A method for evaluating bias in global measurements of CO<sub>2</sub> total columns from space

Author:

Wunch D.,Wennberg P. O.,Toon G. C.,Connor B. J.,Fisher B.,Osterman G. B.,Frankenberg C.,Mandrake L.,O'Dell C.,Ahonen P.,Biraud S. C.,Castano R.,Cressie N.,Crisp D.,Deutscher N. M.,Eldering A.,Fisher M. L.,Griffith D. W. T.,Gunson M.,Heikkinen P.,Keppel-Aleks G.,Kyrö E.,Lindenmaier R.,Macatangay R.,Mendonca J.,Messerschmidt J.,Miller C. E.,Morino I.,Notholt J.,Oyafuso F. A.,Rettinger M.,Robinson J.,Roehl C. M.,Salawitch R. J.,Sherlock V.,Strong K.,Sussmann R.,Tanaka T.,Thompson D. R.,Uchino O.,Warneke T.,Wofsy S. C.

Abstract

Abstract. We describe a method of evaluating systematic errors in measurements of total column dry-air mole fractions of CO2 (XCO2) from space, and we illustrate the method by applying the method to the Atmospheric CO2 Observations from Space retrievals of the Greenhouse Gases Observing Satellite (ACOS-GOSAT) v2.8 data. The approach exploits the lack of large gradients in XCO2 south of 25° S to identify large-scale offsets and other biases in the ACOS-GOSAT data with several retrieval parameters and errors in instrument calibration.
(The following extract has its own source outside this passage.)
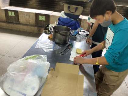 炊事開始。 お米を研いだり、食材を切ったったり。
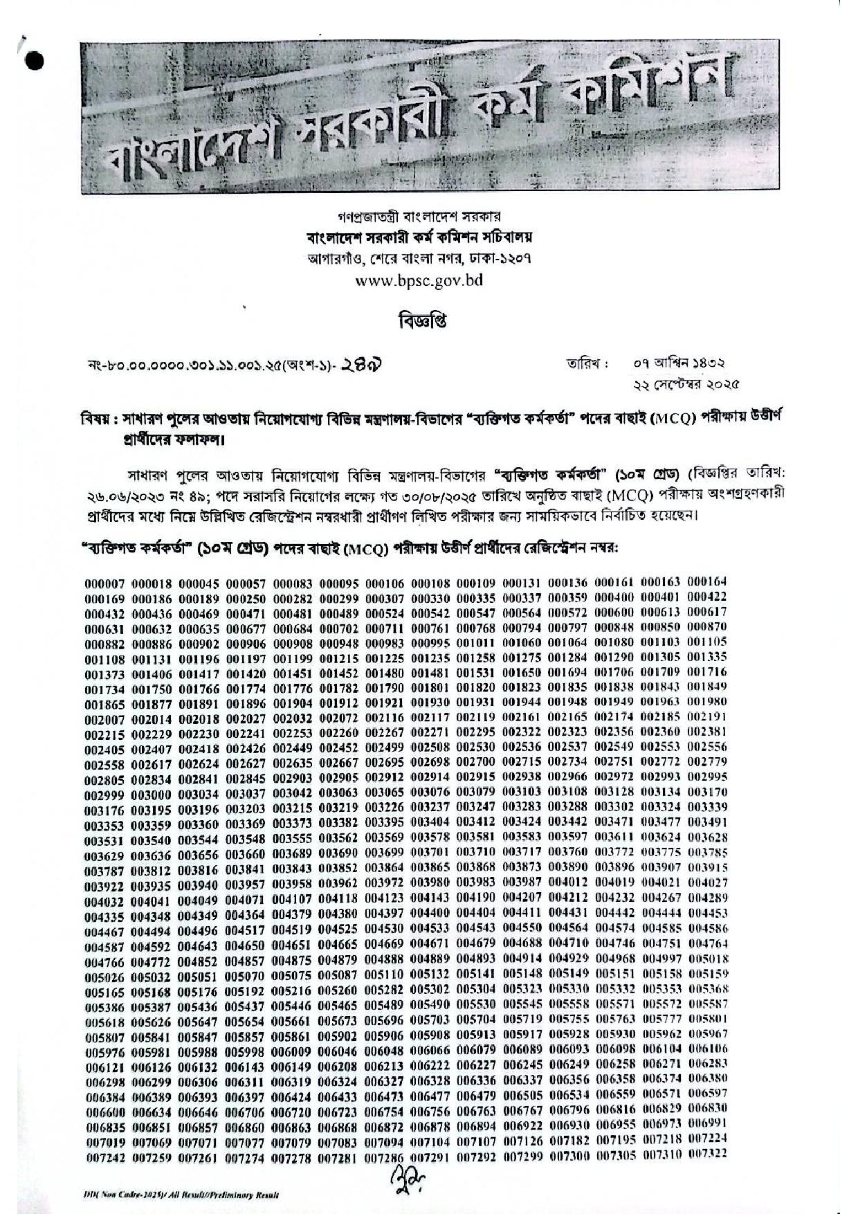 বিভিন্ন মন্ত্রণালয়ের ব্যক্তিগত কর্মকর্তা পদের প্রিলি পরীক্ষার ফলাফল

We demonstrate the effectiveness of the method by comparing the ACOS-GOSAT data in the Northern Hemisphere with ground truth provided by the Total Carbon Column Observing Network (TCCON). We use the correlation between free-tropospheric temperature and XCO2 in the Northern Hemisphere to define a dynamically informed coincidence criterion between the ground-based TCCON measurements and the ACOS-GOSAT measurements. We illustrate that this approach provides larger sample sizes, hence giving a more robust comparison than one that simply uses time, latitude and longitude criteria. Our results show that the agreement with the TCCON data improves after accounting for the systematic errors.